It now seems crystal clear that this offense is at its best in the no-huddle comeback mode. They appeared unstoppable during the third quarter and were on their way to a tie game in the fourth when they stopped themselves after Terrell Owens failed to bring in a catchable deep ball and Cedric Benson juked himself out and fumbled the ball away without being touched.

The encouraging thing is seeing how everyone goes about their tasks in a much better rhythm in the no-huddle offense. Atlanta's secondary was on their heels and for the first time in a while, this team set up the run with the pass. That is the identity of this season's offense; it's impossible to ignore, and it should be used before the Bengals need to come from behind. They have found something that works; keep doing that. It's caveman philosophy.

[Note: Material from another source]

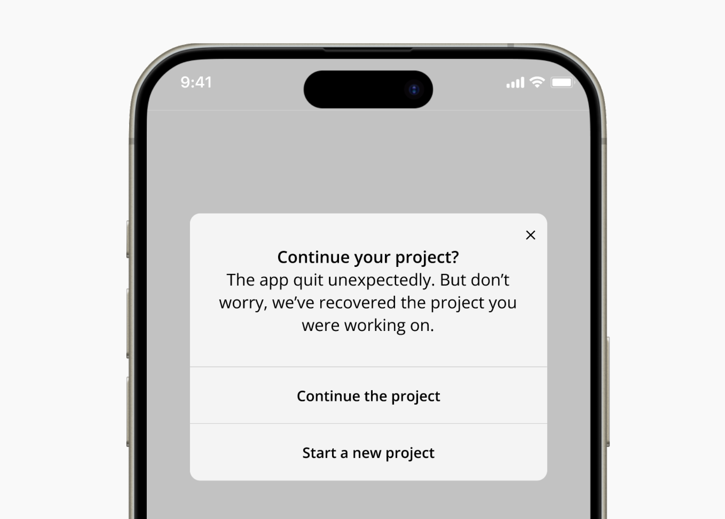 In the third scenario, the user works in graphic design. While they are critiquing a design in a mobile app, their phone abruptly turns off, and they reopen the app when they restart the phone. The challenge was to write a message that the user gets immediately when they open the app. The message should tell them what they need to do to recover their content if they need to do anything.

The down-side, of course, is the continuation of self-destruction that this sadomasochistic teenager of a team insists upon. It has identity issues, lacks ambition and can't focus on anything. It has plenty of potential in it, but instead of doing something with it, the Bengals just hang out in the basement with Cleveland doing who knows what.

The offense really showed some firepower that second half, but they also showed they have some more growing up to do—metaphorically speaking, of course.

The defense, however, didn't show us much of anything. Adam Jones and Leon Hall made big plays, but they also contributed to many opposing big plays allowed on that day. Even though this is the exact same cast as last year (plus some), they look slower, older, more injured, less inspired and somewhat disinterested. They certainly no longer reflect the grittiness of their coach. When it's time to dig deep and give Zim their best shit—as he likes to say himself—it's not been good enough. It's been inadequate shit.

Part of me wonders if playing such rugged defense last season took a toll on the players. This defense isn't necessarily young and many of these men seem far more replaceable individually than they did a year ago. That toughness I grew fond of has evaporated, replaced by indifferent lethargy. The undervalued-castaway mentality morphed into into an expectant and assumptive one; as if a fourth-ranked defensive mark was going to occur without the same effort. The defensive line is playing far below average, the linebackers have not played well, the safeties are frightfully bad right now, the corners have been downgraded from great to good. Things are not looking up for Zim's troop.

The other part of me wonders about the scheme and its focus. Loyal readers to this blog were informed last posting that limiting Roddy White was key in this match-up, but he went berserk against the Bengals anyway and inexplicably was not made a priority to stop. During one of his touchdown catches, White was covered by Rey Maualuga wile Chris Crocker and Johnathan Joseph surrounded Tony Gonzalez in the end zone. On another key third-down attempt, White converted with just Crocker there to cover. Why White wasn't doubled more will remain a mystery to me.

So if they weren't committed to stopping White, what was the commitment made toward disarming the Falcons? Tony Gonzalez perhaps? Gonzalez had a quiet day but if that comes at the expense of 400 other yards, Atlanta will take that every time. The Bengals certainly didn't do a good job against the run. Michael Turner has found room outside of the tackle box this year, but it didn't seem to matter what hole he decided to run through. If this defense can't stop the run, can't pressure the quarterback and can't cover most eligible receivers, how do they ever expect to win? If it's a matter of will and not about execution or scheme, this team is in trouble. They still need more players step up in the crunch and they need more big plays to go their way down the stretch. The Bengals will not survive in the long-run if they must shootout with other teams every week.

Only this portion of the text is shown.